Beltrami attended the 2015 San Diego Comic-Con held in July 2015, to discuss scoring the film. He described the score as "eerie" and "mysterious", landing it in a "musical territory leaning towards fantasy." A musical piece from the prelude was scored by Glass, from which Beltrami had adapted several of its cues from the film's music. Beltrami had opined that the score will be "darker" than that of the previous Fantastic Four film scores (composed by John Ottman) and he added that "the most important goal was to capture the innocence and curiosity of the kids who get exposed to interstellar radiation and become superheroes". He did not create individual themes for the film, but instead had created individual elements that come together.

== Promotional singles ==
On July 24, 2015, El-P announced the promotional single titled "Another Body" for the film, and was later released during the live performance of his band Run the Jewels at the Beats 1 show on July 25. The song was later featured as a bonus track in the digital streaming releases of the album. To promote the film, Kim Nam-joon, known as RM of the K-pop group BTS, and American recording artist Mandy Ventrice, worked on the digital single "Fantastic", which was released alongside the South Korean run of the film.
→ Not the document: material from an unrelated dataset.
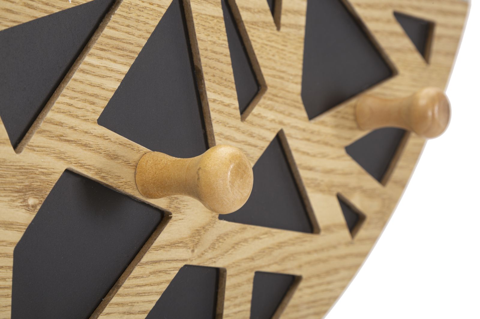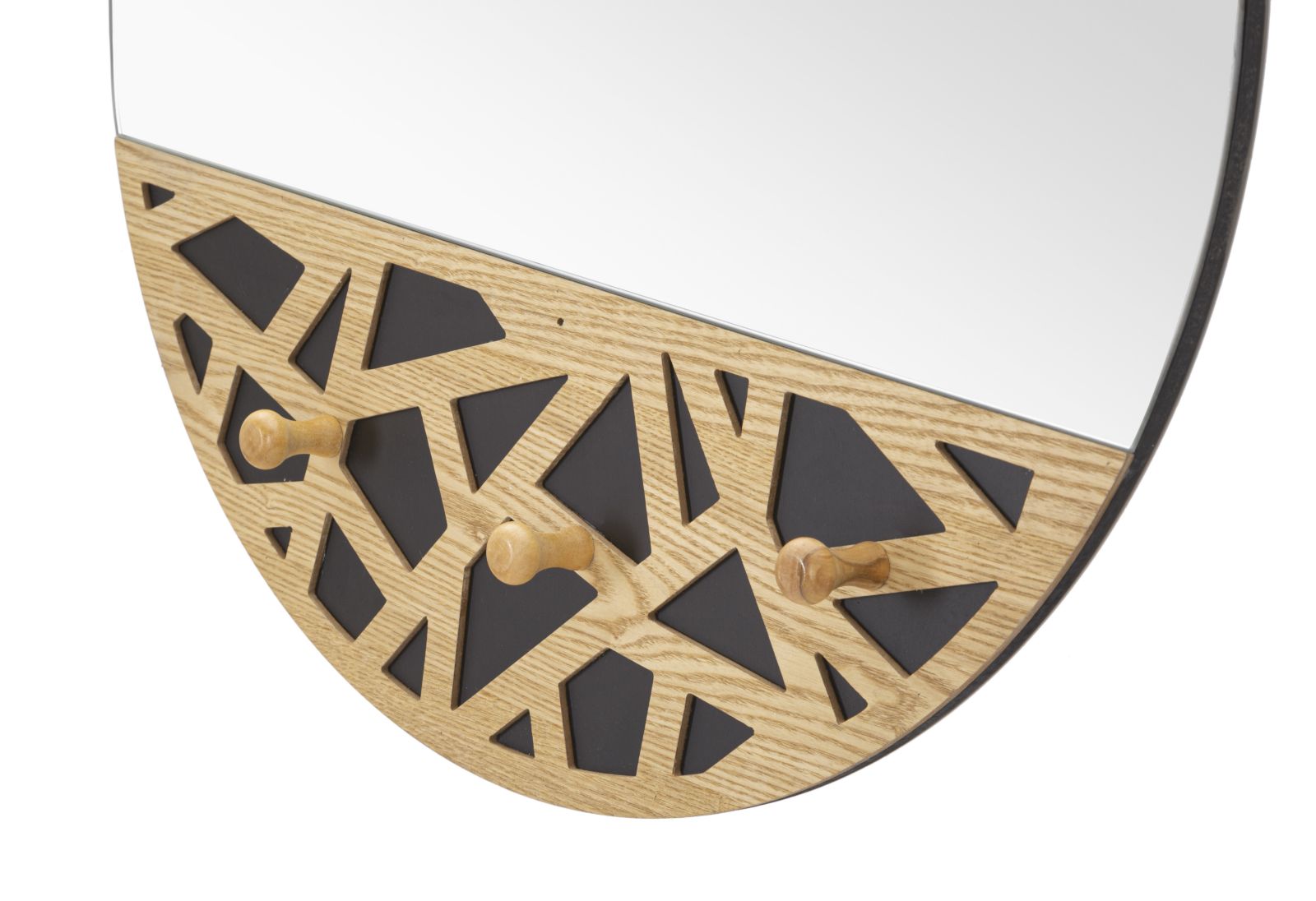 Specchio da parete con eleganti decorazioni geometriche in legno. Completo di 3 ganci appendi abiti.

The accompanying music video was released on August 3.

== Track listing ==

| No. | Title | Writer(s) | Artist | Length |
|---|---|---|---|---|
| 1. | "Fantastic Four Prelude" | Marco Beltrami; Philip Glass; |  | 5:16 |
| 2. | "The Garage" | Beltrami; Glass; Buck Sanders; |  | 2:26 |
| 3. | "The Unveiling" | Beltrami; Brandon Roberts; |  | 1:03 |
| 4. | "Baxter" | Beltrami; Sanders; |  | 2:45 |
| 5. | "'All My Faith'" | Beltrami; Miles Hankins; |  | 0:45 |
| 6. | "The Lab" | Beltrami; Glass; |  | 0:53 |
| 7. | "Meeting of the Minds" | Beltrami; Hankins; |  | 0:53 |
| 8. | "It Begins" | Beltrami; Hankins; |  | 0:34 |
| 9. | "Building the Future" | Beltrami; Roberts; |  | 2:49 |
| 10. | "Launch One" | Beltrami; Hankins; |  | 3:11 |
| 11. | "Neil Armstrong" | Beltrami; Hankins; |  | 2:57 |
| 12. | "Maiden Voyage" | Beltrami; Hankins; |  | 1:56 |
| 13. | "Footprints" | Beltrami; Hankins; |  | 4:00 |
| 14. | "'Run'" | Beltrami; Marcus Trumpp; |  | 2:38 |
| 15. | "Ben's Drop" | Beltrami; Hankins; |  | 2:27 |
| 16. | "Real World Applications" | Beltrami; Hankins; |  | 1:39 |
| 17. | "Under Pressure" | Beltrami; Hankins; |  | 1:01 |
| 18. | "The Search" | Beltrami; Trumpp; |  | 1:58 |
| 19. | "'You're Going to Like This One'" | Beltrami; Hankins; |  | 1:10 |
| 20. | "Father and Son" | Beltrami; Hankins; |  | 1:49 |
| 21. | "Return" | Beltrami; Sanders; |  | 2:42 |
| 22. | "He's Awake" | Beltrami; Roberts; Sanders; Trumpp; |  | 6:55 |
| 23. | "Pursuit" | Beltrami; Hankins; |  | 3:01 |
| 24. | "Strength in Numbers" | Beltrami; Trumpp; |  | 5:17 |
| 25. | "End Titles" | Beltrami; Roberts; |  | 6:15 |
| 26. | "Another Body" (Digital bonus track) | Beltrami; Glass; Jaime Meline; Torbitt Schwartz; | El-P | 5:30 |
| 27. | "Fantastic" (Japanese version) | Beltrami; Kim Nam-joon; Mandy Ventrice; | Nam-joon | 3:44 |

== Reception ==
In spite of the film's extremely negative reception, the soundtrack still garnered a positive response. Jørn Tillnes of Soundtrack Geek gave a 57 percent score to the album saying "If you’re looking for another Marvel superhero score to match the latest trend, then you’ll find some of it here." Mihnea Manduteanu of Soundtrack Dreams gave 80/100 to the score and praised Glass' co-contribution to the score, while opining that Beltrami's efforts are lost in the film. Robert Trate of Sci-Fi Movie Page called it as an "amazing collection of music that should be listened to while reading a Fantastic Four comic". Brian Lowry, writing for Variety, had opined that Beltrami and Glass "yields some intriguing riffs in what ultimately sounds like a pretty conventional score".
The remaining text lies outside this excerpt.